Was Sodom Destroyed Because Of 'Rape'? Or Homosexuality?
At some point in the last year or so an Austin, TX pastor named Zach Lambert came across my radar. These are, of course, days when pastors of average-sized churches can make a real dent in the American Christian consciousness due to the nature of social media, and Zach is good at writing in such a way as to get noticed, which is not inherently a bad thing.
Zach, however, regularly uses his communication skills to defend the full slate of LGBTQ perversions, and to do so as a pastor who gives nominal assent to some of the core doctrines of Nicene Christianity. That’s what first brought him to my attention. Here was a supposedly Bible-believing Christian pastor who consistently employed his sizable social media pulpit to defend all the fashionable perversions of our day.
If Zach Lambert simply outright denied the Bible, he’d be less of a danger and merit less attention from men like me. But rather than renouncing the Bible, he wants to make it bless what it forbids, commend what it rebukes, beautify what it calls unnatural, and then still act as though it is authoritative for him and his ministry. Zach wants to keep the credibility of the Bible - and perhaps the parts he personally likes about it - without the cost of real submission to its Author. He clearly desires those who read him and follow him to think he is a man of the Scriptures and to have those who view the Bible highly view him as a man they should listen to.
Zach Lambert is an example of a danger that faithful men today must confront and oppose. “Pastors” who want Christianity to affirm LGBTQ sins won’t put down the Bible and start a new religion, and of course neither will they obey it, so instead, they twist it. One of Zach’s most frequent, Scripture-twisting arguments for why the Bible doesn’t say what we think it says about homosexuality is that the “sexual immorality” and “unnatural desire” that Jude v. 7 clearly tells us brought about God’s fiery punishment was not men trying to have sex with men, but merely men attempting to “rape angels.”
Zach’s argument is not drawn from the Scriptures, faithfully working out what they say and teach by careful exegesis and application. Rather, it is an example of a man ignoring the words and phrases of Scripture that lead to a conclusion he doesn’t like (homosexual behavior is sinful and unnatural) so that he can get people to believe the Bible teaches what he wants it to.
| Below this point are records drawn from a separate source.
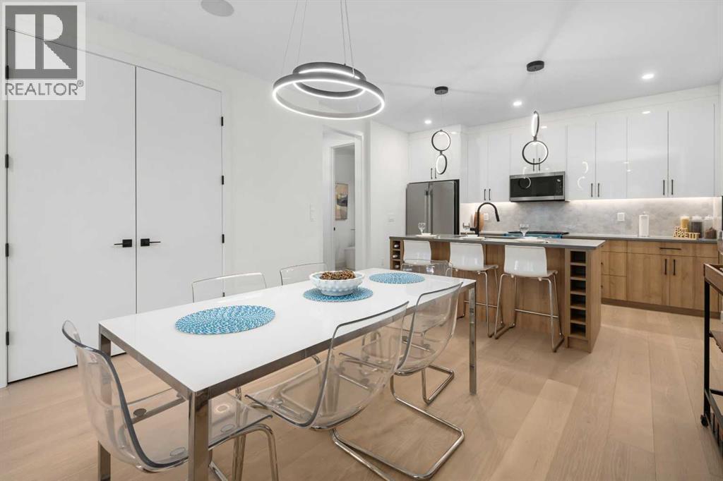 An excellent opportunity to expand your investment portfolio in the heart of Marda Loop. This BRAND NEW 8 unit complex is complete and ready for immediate possession. Situated on a large 50x125 ft. lot, on a tree lined street, just steps from river park and the heart of marda loop. Easy transit access to MRU and downtown. The upper 3 storey units offer over 1800 sqare feet on three levels, above grade and an addtional 575 square feet basement suites with separate entrances (Units can be connected to basement directly if desired) High quality modern finishes throuhout this spacious townhouse. Hardwood, quarts, stainless steel appliances, ceramic tiles. Each upper unit features three bedrooms and 3 and a half baths. An excellent main level with living, dining and large kitchen with Island. The second floor boats two large bedrooms both with large closets and ensuites. The top third floor showcases an amazing Primary suite complete with a huge walk in closet, large ensuite with walk in 2 person shower. Dual sinks, and a full east facing private balcony. The basement suites boast high ceilings, full moden kitchens, ensuite laundry and separate spacious bedrooms with large closets. Single detached garages for all units. (4) This build can be eligible for CMHC MLI Select financing. Rental rates in the area have remained stable with low pre dominant vacancy. Possible gross monthly income of $15,000-$1,7000. Furnished units can attain more and can be included in the purchase price as required. Full appliance packages for all 8 units included, and all units a separately metered. A great opportunity in a thriving community. (id:6769)
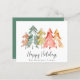Cartão de Natal elegante e econômico, com um abstrato de cor d'água de pinheiros em verde-cinza, vermelho, ouro e laranja e "Felizes Feriados" em um roteiro de na moda. Adicione uma saudação sazonal personalizada e seus nomes em um script semelhante a assinatura no verso.
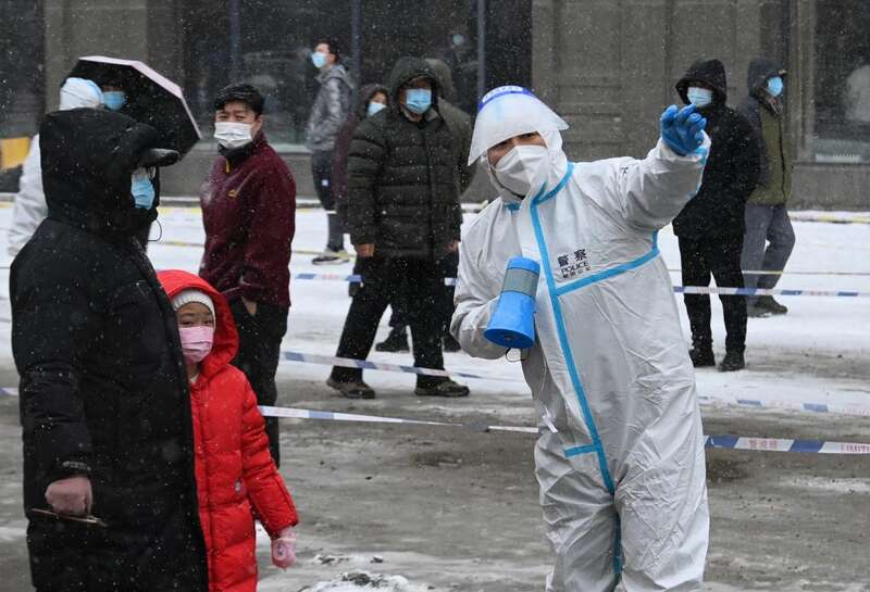 3月15日,长春市前进大街核酸检测点的工作人员向市民解释相关要求。新华社发(徐家军摄)
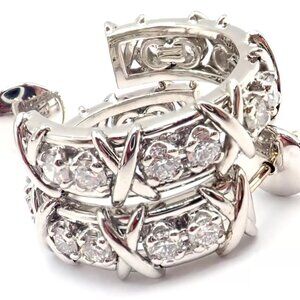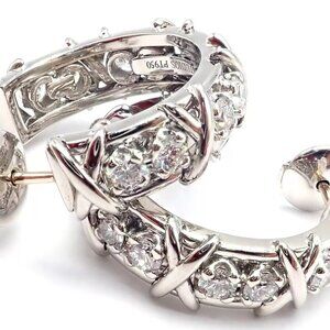 Authentic Tiffany & Co Schlumberger Twenty Stones Platinum Diamond Hoop Earrings
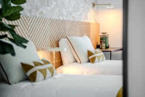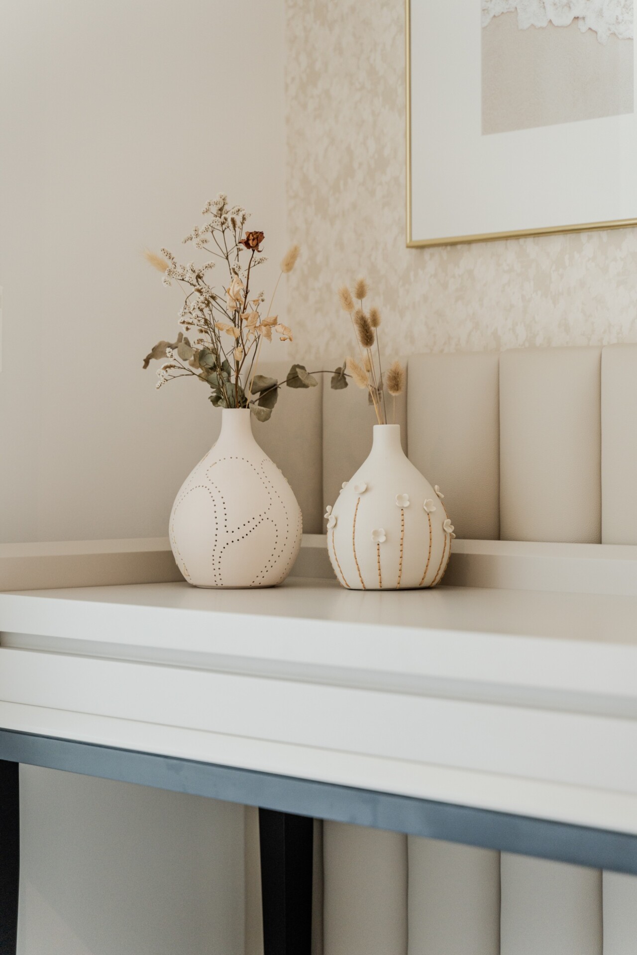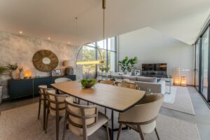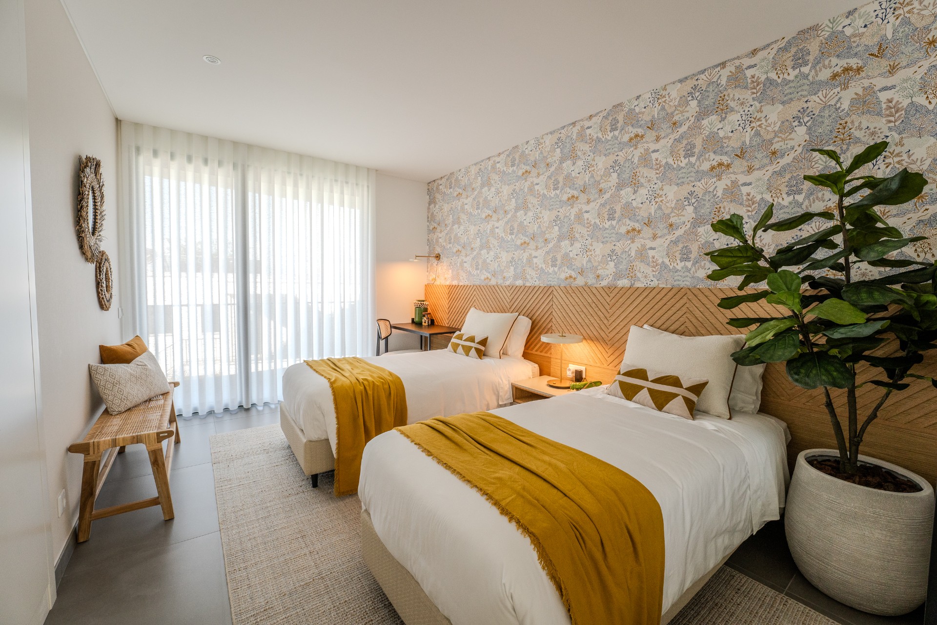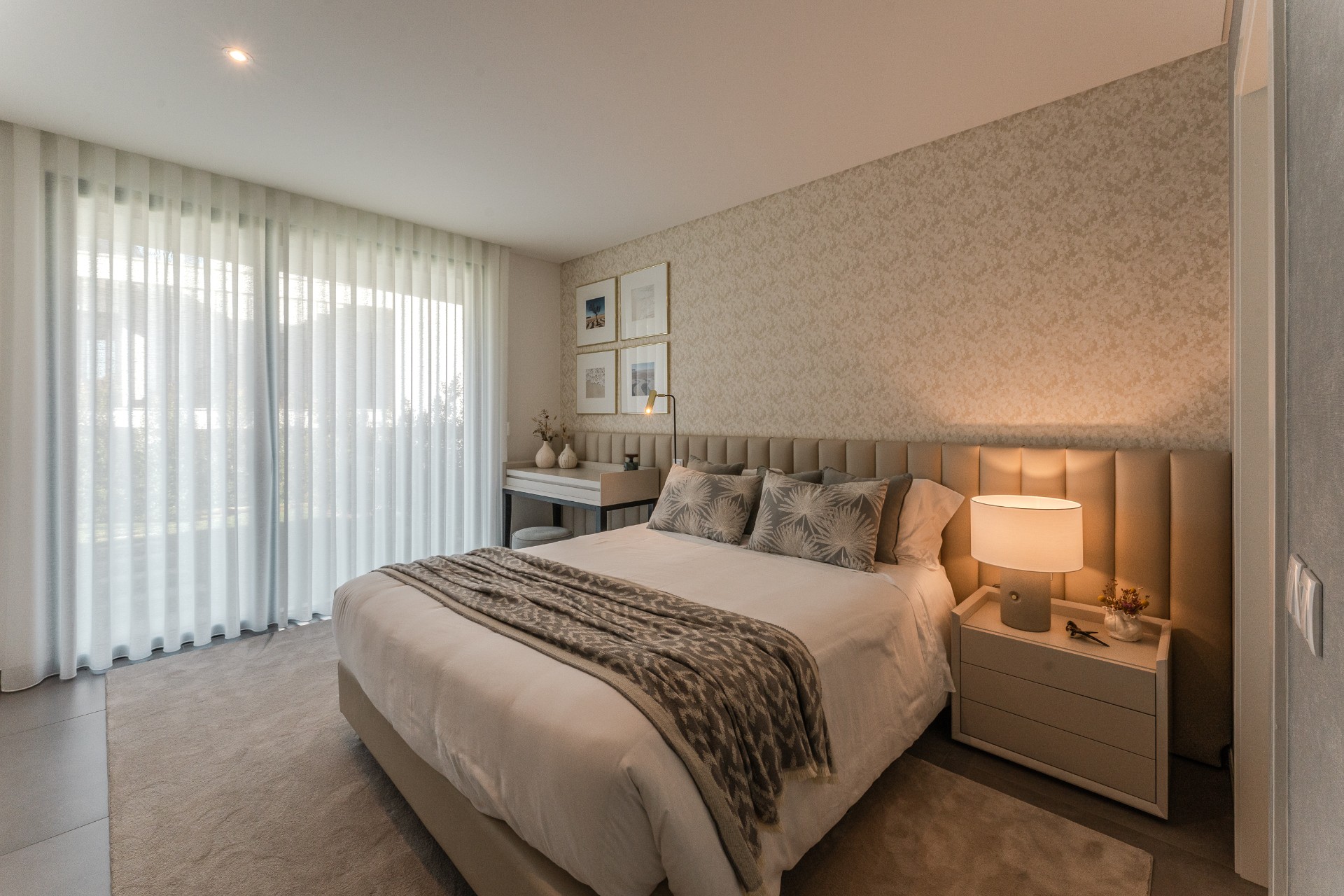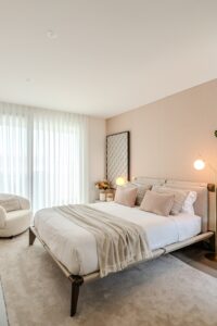 Este projeto destaca-se pelos seus traços orgânicos e pela grande presença de luz natural. A paleta de cores neutras, combinada com a palhinha e a madeira, cria um ambiente moderno e acolhedor. O papel de parede com texturas naturais reforça a proximidade com a praia, proporcionando um espaço contemporâneo e sereno.

This is Scriptural sleight of hand, tampering with the Word of God, using one’s own cunning and sophistry to make people believe the Bible doesn’t say what it does.
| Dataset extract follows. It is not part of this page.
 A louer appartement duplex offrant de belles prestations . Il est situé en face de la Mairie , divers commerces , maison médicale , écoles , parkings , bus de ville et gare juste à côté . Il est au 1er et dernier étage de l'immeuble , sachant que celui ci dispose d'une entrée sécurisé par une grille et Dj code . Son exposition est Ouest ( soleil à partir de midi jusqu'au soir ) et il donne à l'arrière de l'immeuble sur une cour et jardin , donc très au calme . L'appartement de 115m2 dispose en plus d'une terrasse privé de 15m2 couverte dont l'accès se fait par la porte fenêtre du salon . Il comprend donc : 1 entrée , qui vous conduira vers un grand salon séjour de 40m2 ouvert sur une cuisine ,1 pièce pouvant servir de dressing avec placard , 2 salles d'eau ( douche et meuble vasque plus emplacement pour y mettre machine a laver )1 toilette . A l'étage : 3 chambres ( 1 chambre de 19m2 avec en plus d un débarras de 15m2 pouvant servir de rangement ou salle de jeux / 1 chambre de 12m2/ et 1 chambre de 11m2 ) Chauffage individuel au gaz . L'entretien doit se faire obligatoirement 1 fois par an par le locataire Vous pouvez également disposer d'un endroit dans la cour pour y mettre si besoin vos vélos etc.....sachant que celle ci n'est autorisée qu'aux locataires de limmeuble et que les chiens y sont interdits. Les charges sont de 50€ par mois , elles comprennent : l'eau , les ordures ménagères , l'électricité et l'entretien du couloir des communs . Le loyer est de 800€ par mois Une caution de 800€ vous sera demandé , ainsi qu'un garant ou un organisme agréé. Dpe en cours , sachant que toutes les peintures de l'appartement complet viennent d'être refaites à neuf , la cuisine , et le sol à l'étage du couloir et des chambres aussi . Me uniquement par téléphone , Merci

Let’s examine Zach’s “angel rape” explanation for Jude v. 7 carefully against the actual wording of the text.
Jude v. 7: “Just as Sodom and Gomorrah, and the surrounding cities, which likewise indulged in sexual immorality and pursued unnatural desire, serve as an example by undergoing a punishment of eternal fire.”
Notice who Jude tells us indulged in sexual immorality and pursued unnatural desire: Sodom and Gomorrah and the surrounding cities. All the cities of the region receive God’s fiery punishment for indulging in sexual immorality and pursuing unnatural desire. Were Gomorrah and all the surrounding cities involved in that night where Zach hopes to pin all of the sin on “angel rape”?
No. Genesis 19 makes it plain that the wickedness of that particular night was committed by the men of Sodom: “But before they lay down, the men of the city, the men of Sodom, both young and old, all the people to the last man, surrounded the house.” (Genesis 19:4)
Incidentally, it also indicates the men didn’t know Lot’s guests were angels: “And they called to Lot, ‘Where are the men who came to you tonight? Bring them out to us, that we may know them.’” (Genesis 19:5). Subsequently, neither Lot nor the angels tell the men of Sodom they’re angels. So it’s not merely that the sin was attempting to sleep with angels as opposed to men, which would supposedly have been acceptable. Rather, they believed they were going to have sex with men, and this was part of their sin.
The Bible tells us Sodom, Gomorrah, and the surrounding cities indulged in sexual immorality and pursued unnatural desire. Pastor Zach wants his church and his 40,000+ followers on X to believe that that sexual sin and unnatural desire they indulged in and pursued does not include men wanting to have sex with men. He would have us all believe that the God who made Adam, then made a female helper fit for him, and who designed sex to be the fruitful union of husband and wife does not see a man trying to anally penetrate another man as unnatural and sinful.
The Bible did not get Zach to that conclusion.
Men like this twist the Word of God. It is unnatural and sinful for a man to have sex with a man. The Word of God is not bashful about telling us that. Nor is it bashful about telling us Christ can save every man or woman from such unnatural desire by grace through faith.
Do not believe Zach Lambert or men who make these same arguments. Do not twist Scripture like this. Trust Christ’s Word. Believe the Bible.
“Now I want to remind you, although you once fully knew it, that Jesus, who saved a people out of the land of Egypt, afterward destroyed those who did not believe.” (Jude 5).